____ Working data

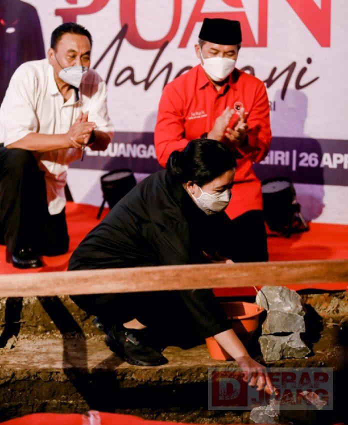 Ketua DPR RI sekaligus Ketua DPP PDI Perjuangan, Puan Maharani melakukan groundbreaking atau peletakan batu pertama kantor DPC di Kabupaten Wonogiri. Selasa (26/04/2022).
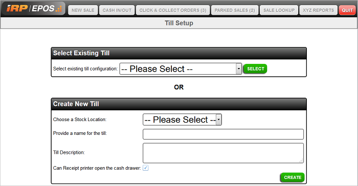 This section allows you to add Electronic Point of Sale (EPOS) systems to certain stock locations within the business. You can have any number of tills that you need in each location. Any IRP Admin user is enabled for the EPOS system when they are assigned a shop code under their Admin User Account. For more information on setting this up, see the Admin Users section.
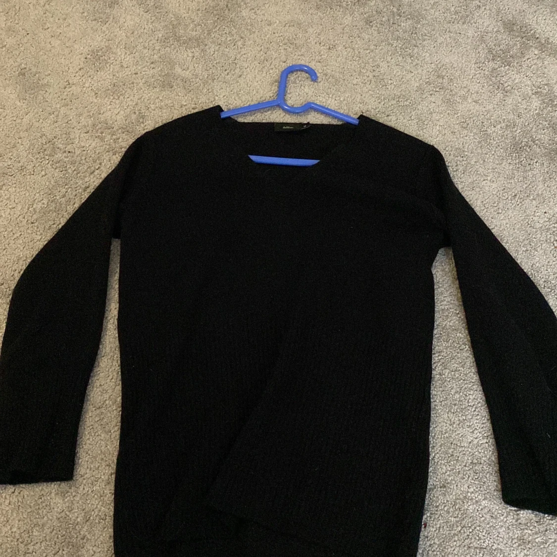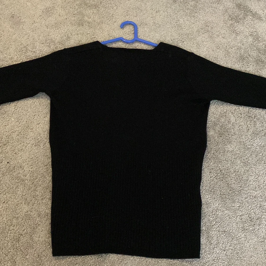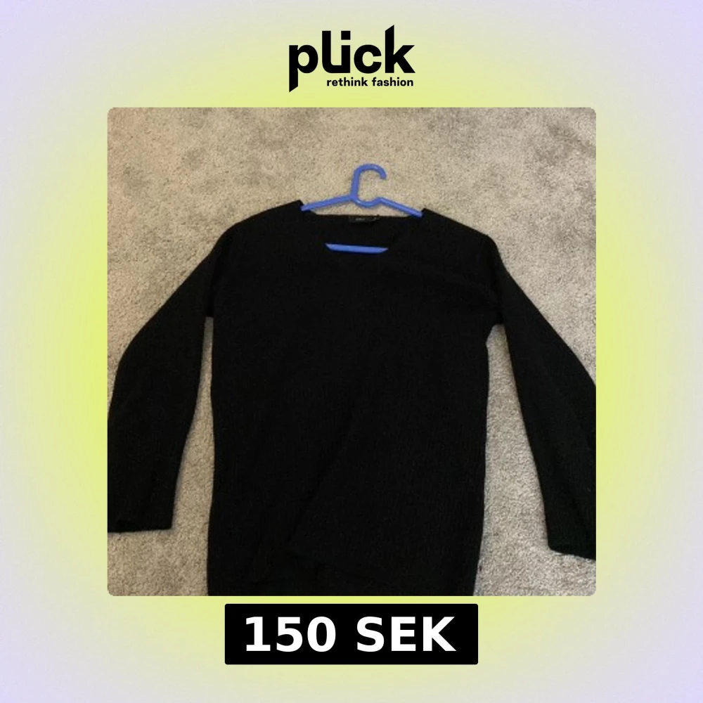 Säljer en stilren svart tröja med V-ringning. Perfekt för både vardag och mer uppklädda tillfällen. Tröjan har långa ärmar och är tillverkad i ett mjukt material som ger en bekväm passform.
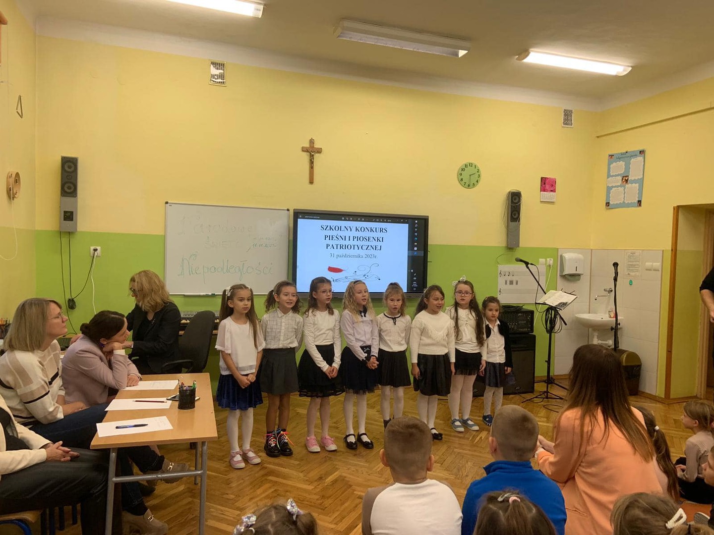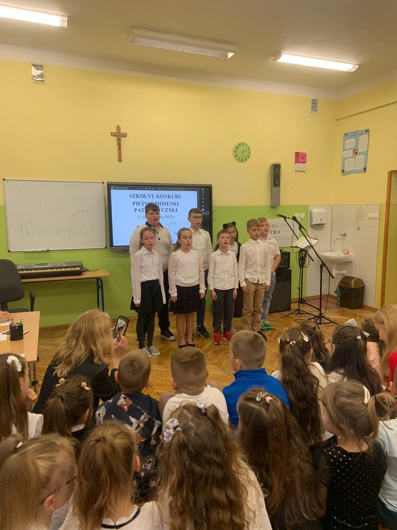 We wtorek, 31.10.2023r. odbył się Szkolny Konkurs Pieśni i Piosenki Patriotycznej. Miał on na celu wyłonić najlepszych wykonawców do Przeglądu Gminnego, który odbędzie się 8 listopada w GCK w Wiązownicy. Komisja zakwalifikowała następujących wykonawców:
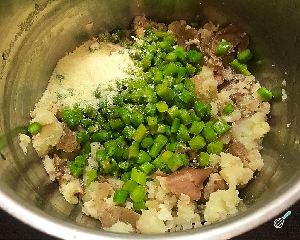 Acrescente nas batatas o azeite, o queijo ralado, o sal, a pimenta e os talinhos de aspargos. Mexa bem e, se achar que está muito seco, vá adicionando a água do cozimento que você separou, até ficar na textura desejada.
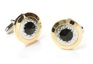 Add a refined look to your outfit with these round gold cufflinks decorated with a black stone in the middle and clear crystals. A variety of cufflinks make a great addition to any wardrobe because they add a sophisticated finishing touch to a formal attire. Look sharp in these affordable cuff links for job interviews, weddings, work, for any occasion. Also make a great gift for men!

________

**Action item:** Leave out every picture and copy verbatim the lines running from the line containing "Acrescente nas batatas" through the final line of the data.

**Solution to the exercise:**
 Acrescente nas batatas o azeite, o queijo ralado, o sal, a pimenta e os talinhos de aspargos. Mexa bem e, se achar que está muito seco, vá adicionando a água do cozimento que você separou, até ficar na textura desejada.
 Add a refined look to your outfit with these round gold cufflinks decorated with a black stone in the middle and clear crystals. A variety of cufflinks make a great addition to any wardrobe because they add a sophisticated finishing touch to a formal attire. Look sharp in these affordable cuff links for job interviews, weddings, work, for any occasion. Also make a great gift for men!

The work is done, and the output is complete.